_Problem statement:_ Would you please transcribe the data in full and exactly, excluding images?

*** Supplied records ***

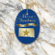 Dê-lhes algo bonito do estado excelente de Dakota do Sul! Na frente desse ornamento está uma silhueta de ouro brilhante do estado, com uma estrela de ouro mais escura imposta sobre ele. Acima do estado e da imagem estelar está a mensagem de brilho MERRY CHRISTMAS no script, e um banner com o texto em azul SUL DAKOTA. À sua volta estão todos os flocos de neve dourados. As imagens e o texto são colocados sobre um fundo azul profundo. A parte de trás do ornamento tem campos de texto em dourado claro para você personalizar, e uma segunda imagem de estrela dourada. Você pode mudar a cor de fundo, se quiser, escolhendo PERSONALIZAR.
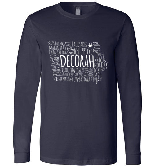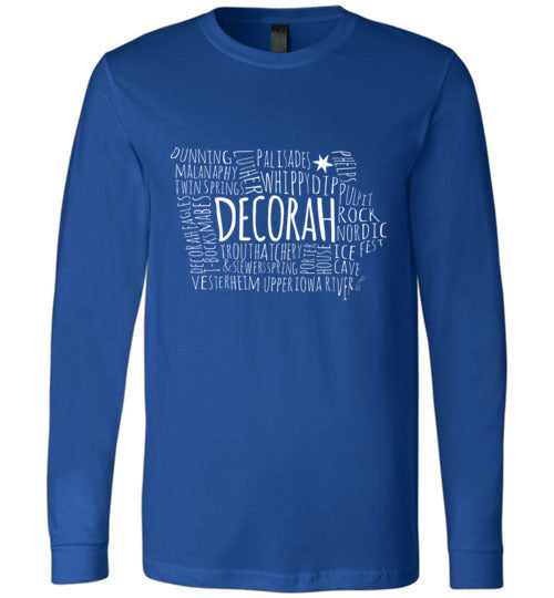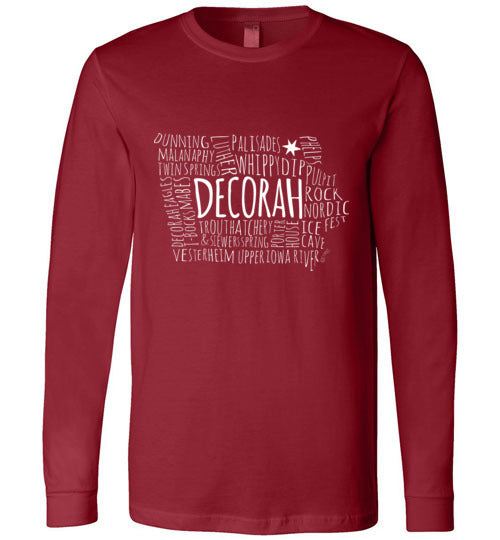 Decorah Iowa Long-Sleeve Shirt White Map Points of Interest
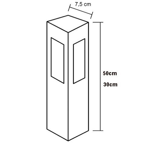 Dimensões (cm): A: 30cm/50cm x 7,5cm
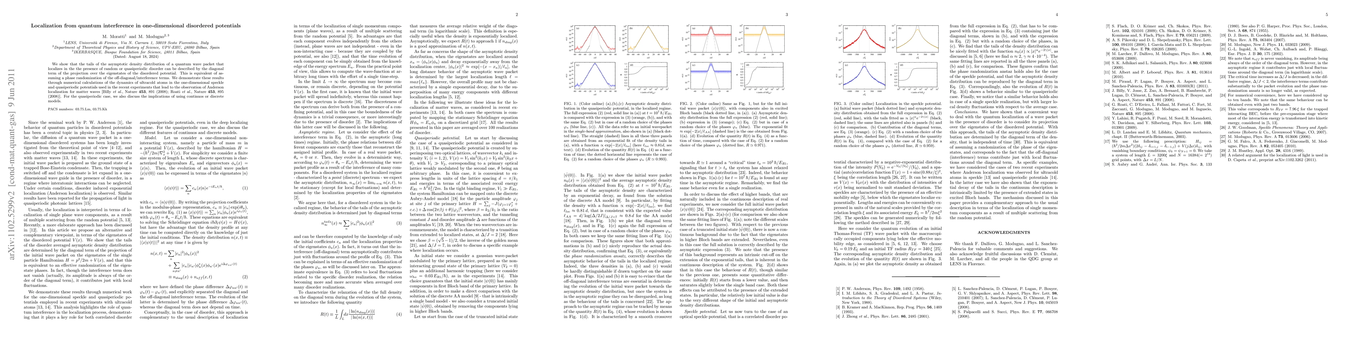 We show that the tails of the asymptotic density distribution of a quantum wave packet that localizes in the the presence of random or quasiperiodic disorder can be described by the diagonal term of the projection over the eingenstates of the disordered potential. This is equivalent of assuming a phase randomization of the off-diagonal/interference terms. We demonstrate these results through numerical calculations of the dynamics of ultracold atoms in the one-dimensional speckle and quasiperiodic potentials used in the recent experiments that lead to the observation of Anderson localization for matter waves [Billy et al., Nature 453, 891 (2008); Roati et al., Nature 453, 895 (2008)]. For the quasiperiodic case, we also discuss the implications of using continuos or discrete models.
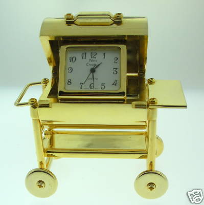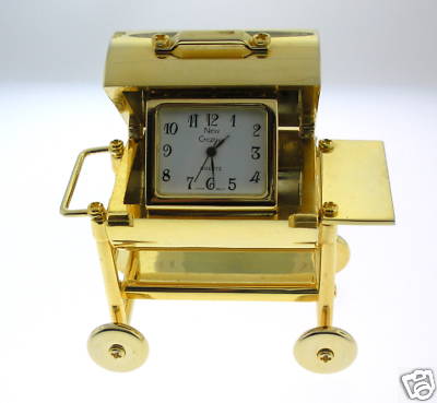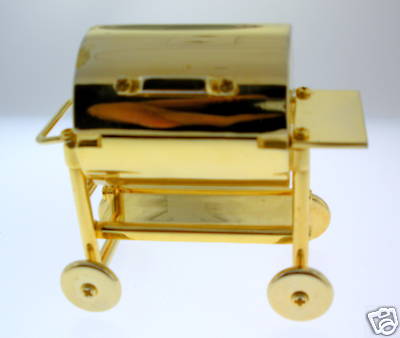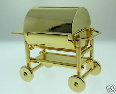 How cute is this? Great Gift idea. The brass barbeque actually holds a working clock ( battery operated). The dome lid raises up and the clock is seen. You can also place the clock in groves between the cover and base to keep it visible in the open BBQ.
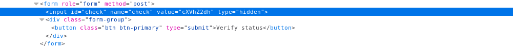 By looking at the source we find a hidden field called check , also if we used burp to intercept the requests we will find it. The value of check is base64 encoded string of “quagga” :
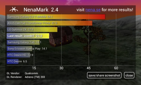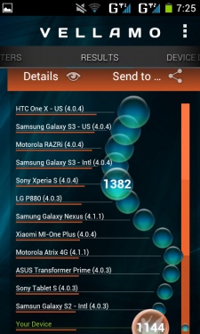 Из них видно, что аппарат по скорости выполнения вычислительных операций находится на уровне флагмана от Samsung двухлетней давности (Galaxy SII). Лишь в графике есть небольшое отставание, но тут важную роль играют уже размеры дисплея. А он у Mercury S на 1,5 дюйма больше!
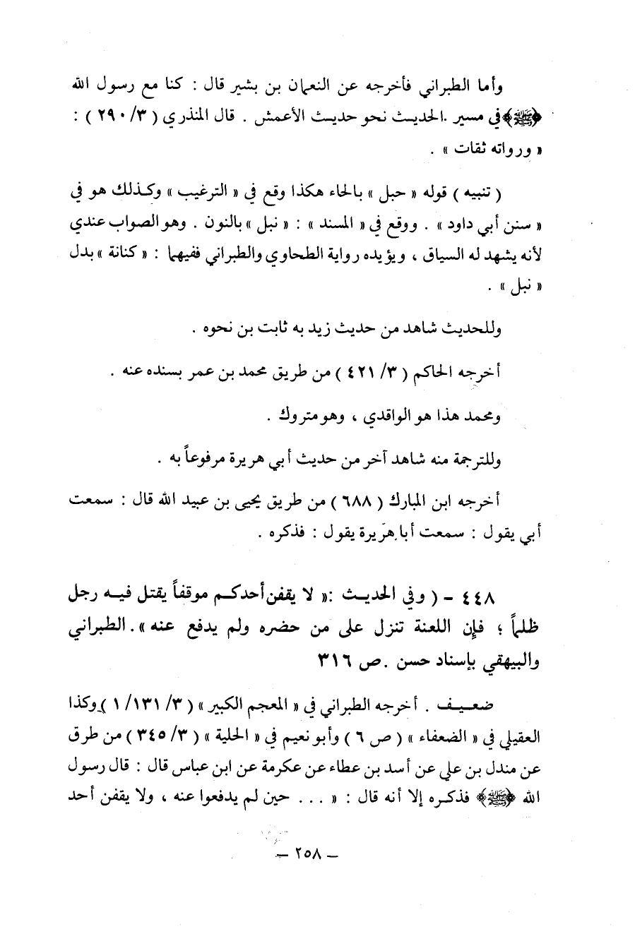 لا يقفن أحدكم موقفا يقتل فيه رجل ظلما فإن اللعنة تنزل على من حضره ولم يدفع عنه ضعيف أخرجه الطبراني في المعجم الكبير وكذا العقيلي في الضعفاء وأبو نعيم في الحلية وأخرج الطبراني أيضا باسناد واه عن ابن عباس قال: قال رسول الله (ص) : قال ربكم وعزتي وجلالي لأنتقمن من الظالم في عاجله وآجله ولأنتقمن ممن رأى مظلوما فقدر أن ينصره فلم يفعل
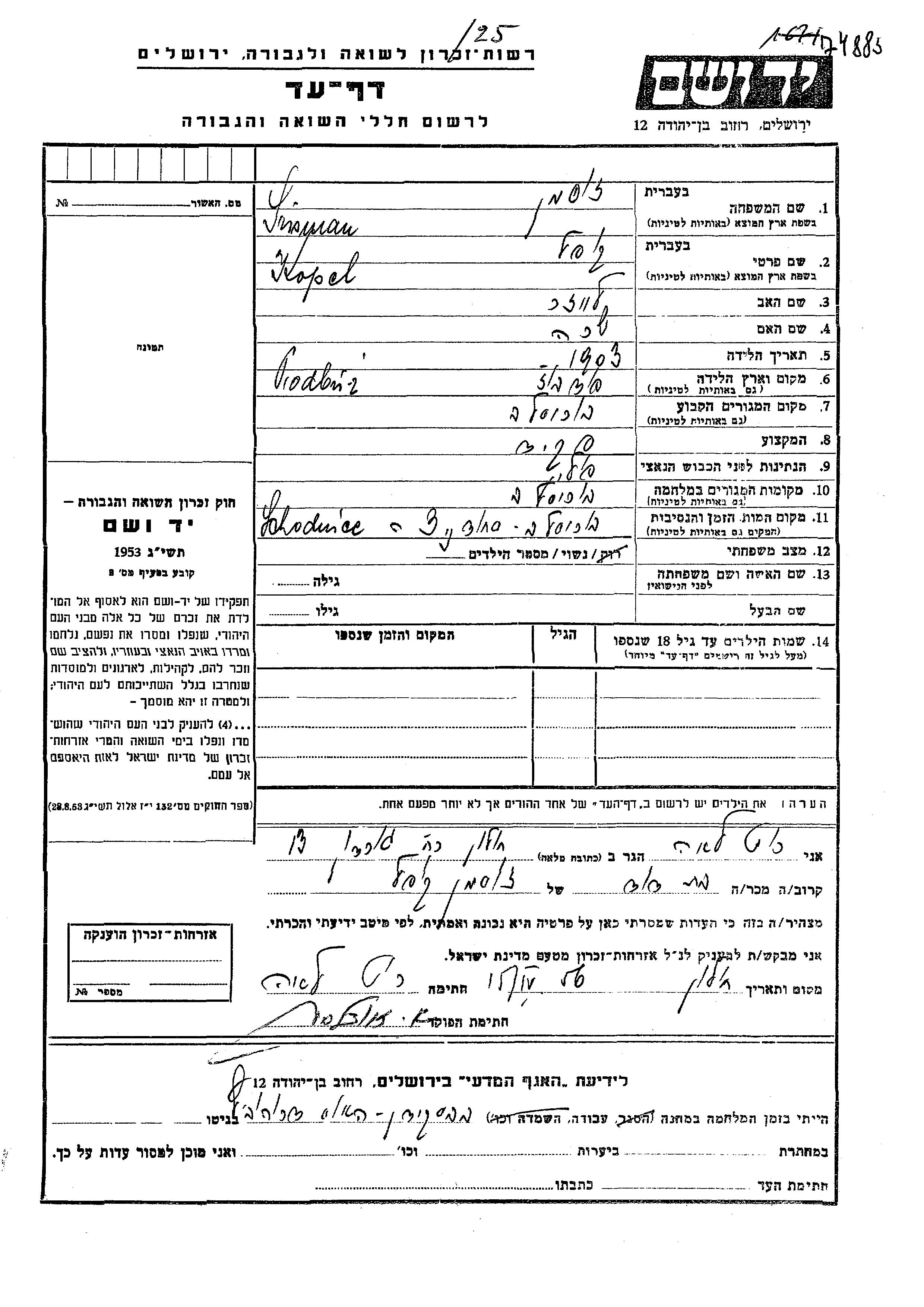 Kopel wurde in der Schoah ermordet. Todesort: Schodnica, Polen.
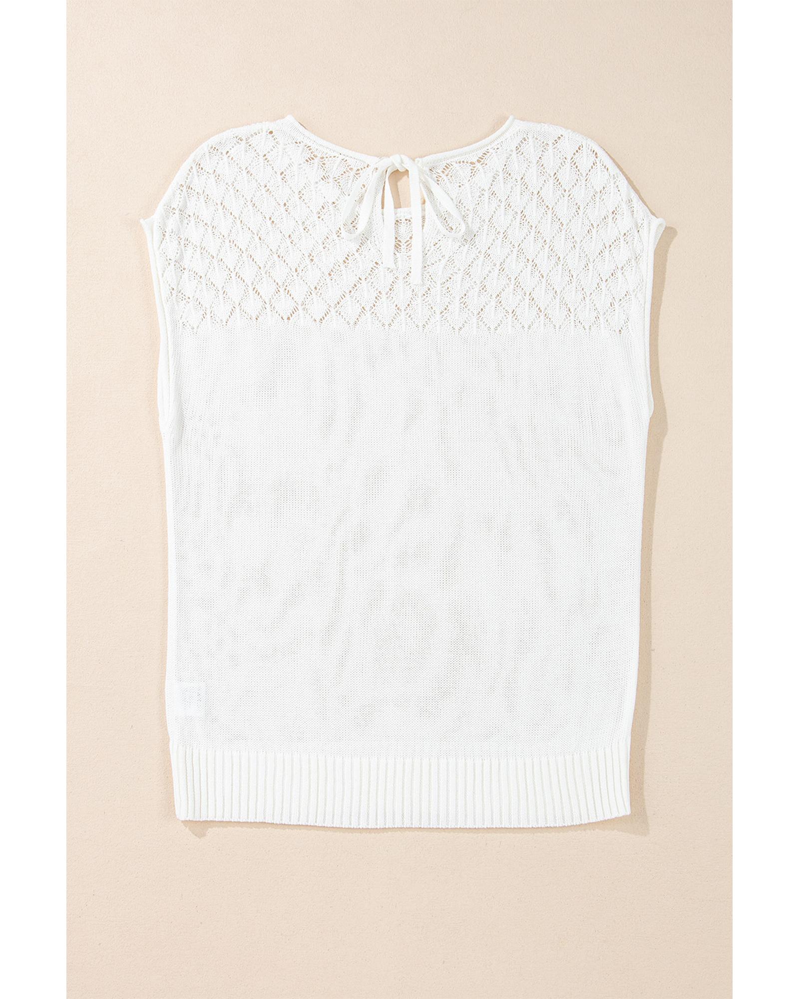 White Eyelet Knit Tied Back Short Sleeve Sweater – 2XL
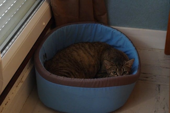 Elle a alterner carrelage de tout son long et panier. J'aimerais bien qu'elle les fasse vite parce que sinon c'est véto mais ça va la faire stresser plus qu'autre chose ... Et pas sûr qu'elle se laisse examinée va falloir l'endormir ...
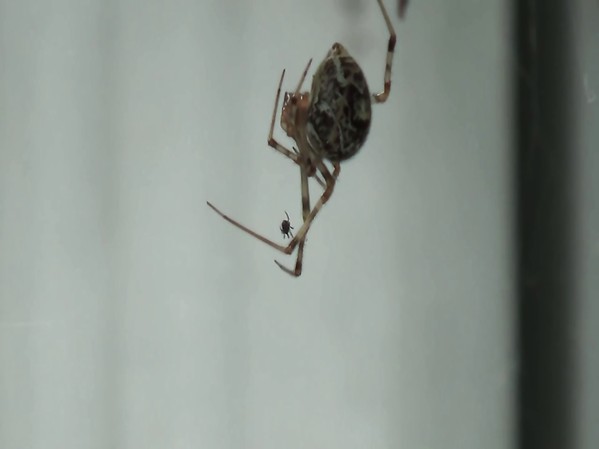 UNE PETITE ARAIGNÉE SE PROMÈNE SUR LA PATTE D'UNE GROSSE ARAIGNÉE QUI DORT

***

_Expected output:_
 Dê-lhes algo bonito do estado excelente de Dakota do Sul! Na frente desse ornamento está uma silhueta de ouro brilhante do estado, com uma estrela de ouro mais escura imposta sobre ele. Acima do estado e da imagem estelar está a mensagem de brilho MERRY CHRISTMAS no script, e um banner com o texto em azul SUL DAKOTA. À sua volta estão todos os flocos de neve dourados. As imagens e o texto são colocados sobre um fundo azul profundo. A parte de trás do ornamento tem campos de texto em dourado claro para você personalizar, e uma segunda imagem de estrela dourada. Você pode mudar a cor de fundo, se quiser, escolhendo PERSONALIZAR.
 Decorah Iowa Long-Sleeve Shirt White Map Points of Interest
 Dimensões (cm): A: 30cm/50cm x 7,5cm
 We show that the tails of the asymptotic density distribution of a quantum wave packet that localizes in the the presence of random or quasiperiodic disorder can be described by the diagonal term of the projection over the eingenstates of the disordered potential. This is equivalent of assuming a phase randomization of the off-diagonal/interference terms. We demonstrate these results through numerical calculations of the dynamics of ultracold atoms in the one-dimensional speckle and quasiperiodic potentials used in the recent experiments that lead to the observation of Anderson localization for matter waves [Billy et al., Nature 453, 891 (2008); Roati et al., Nature 453, 895 (2008)]. For the quasiperiodic case, we also discuss the implications of using continuos or discrete models.
 How cute is this? Great Gift idea. The brass barbeque actually holds a working clock ( battery operated). The dome lid raises up and the clock is seen. You can also place the clock in groves between the cover and base to keep it visible in the open BBQ.
 By looking at the source we find a hidden field called check , also if we used burp to intercept the requests we will find it. The value of check is base64 encoded string of “quagga” :
 Из них видно, что аппарат по скорости выполнения вычислительных операций находится на уровне флагмана от Samsung двухлетней давности (Galaxy SII). Лишь в графике есть небольшое отставание, но тут важную роль играют уже размеры дисплея. А он у Mercury S на 1,5 дюйма больше!
 لا يقفن أحدكم موقفا يقتل فيه رجل ظلما فإن اللعنة تنزل على من حضره ولم يدفع عنه ضعيف أخرجه الطبراني في المعجم الكبير وكذا العقيلي في الضعفاء وأبو نعيم في الحلية وأخرج الطبراني أيضا باسناد واه عن ابن عباس قال: قال رسول الله (ص) : قال ربكم وعزتي وجلالي لأنتقمن من الظالم في عاجله وآجله ولأنتقمن ممن رأى مظلوما فقدر أن ينصره فلم يفعل
 Kopel wurde in der Schoah ermordet. Todesort: Schodnica, Polen.
 White Eyelet Knit Tied Back Short Sleeve Sweater – 2XL
 Elle a alterner carrelage de tout son long et panier. J'aimerais bien qu'elle les fasse vite parce que sinon c'est véto mais ça va la faire stresser plus qu'autre chose ... Et pas sûr qu'elle se laisse examinée va falloir l'endormir ...
 UNE PETITE ARAIGNÉE SE PROMÈNE SUR LA PATTE D'UNE GROSSE ARAIGNÉE QUI DORT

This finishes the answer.